Maybe the other suggestions are good enough, personally i suspect that tempo adjusting software with at least one dial to keep them synchronized, put one signal in each ear and listen. The brains software is much better than any available package.

Reply to
JosephKK

You failed to indicate the criteria of the comparison. Just what in these files do you want to compare?

Reply to
miso

Hi TIA, This seems to be a good approach. What I am trying to do is to automate the comparison of audio files. The two files I will be comparing will be audio recorded from an IVR system. The first file will be a high quality recording, checked by ear, the second file will be recorded evey hour to ensure the IVR is working correctly, ie if the two files sound similarI can consider the IVR to be working. I will give this a go and let you know teh results. Thanks for your help, Kieran

Reply to
kieran

Could you put a test mode in your IVR? Perhaps have it respond with something easy to detect like DTMF?

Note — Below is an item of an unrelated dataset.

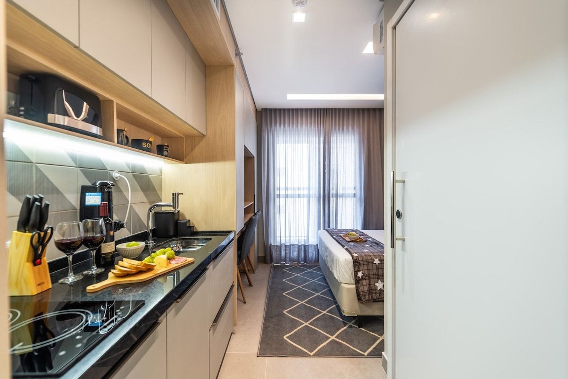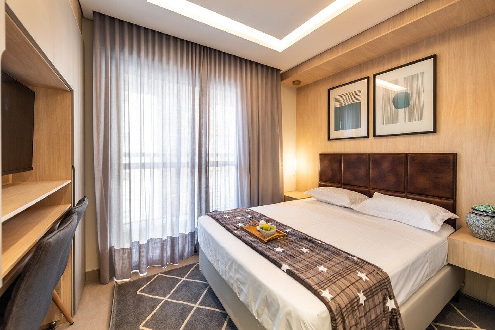 O studio é novo, bem decorado e com produtos de alta qualidade, trazendo conforto e aconchego em sua hospedagem. O prédio está localizado na zona sul de São Paulo, em um dos bairros mais sofisticados da cidade, chamado Moema. Ao redor do bairro é possível conhecer inúmeros restaurantes famosos, festas e o parque Ibirapuera. O edifício é residencial, com portaria 24 horas, coworking, piscina no rooftop e elevador.

....or perhaps figure out a way to subtract the one recording from the other and except for some gain adjust and phase offset the results should be a close to silence. Calculate the amplitude of the results and see that it is low.

Reply to
Steve

Well, yeah, but... what's the similarity criterion?

In some sense, an FFT will tell you the voice of the singer or the instrument(s) but might not distinguish multiple works of different composition performed on the same instrument. Similarly, a time/amplitude breakdown might pick up the 'Surprise' symphony easily from other works, but can't tell you whether it was performed by an orchestra or a kazoo band.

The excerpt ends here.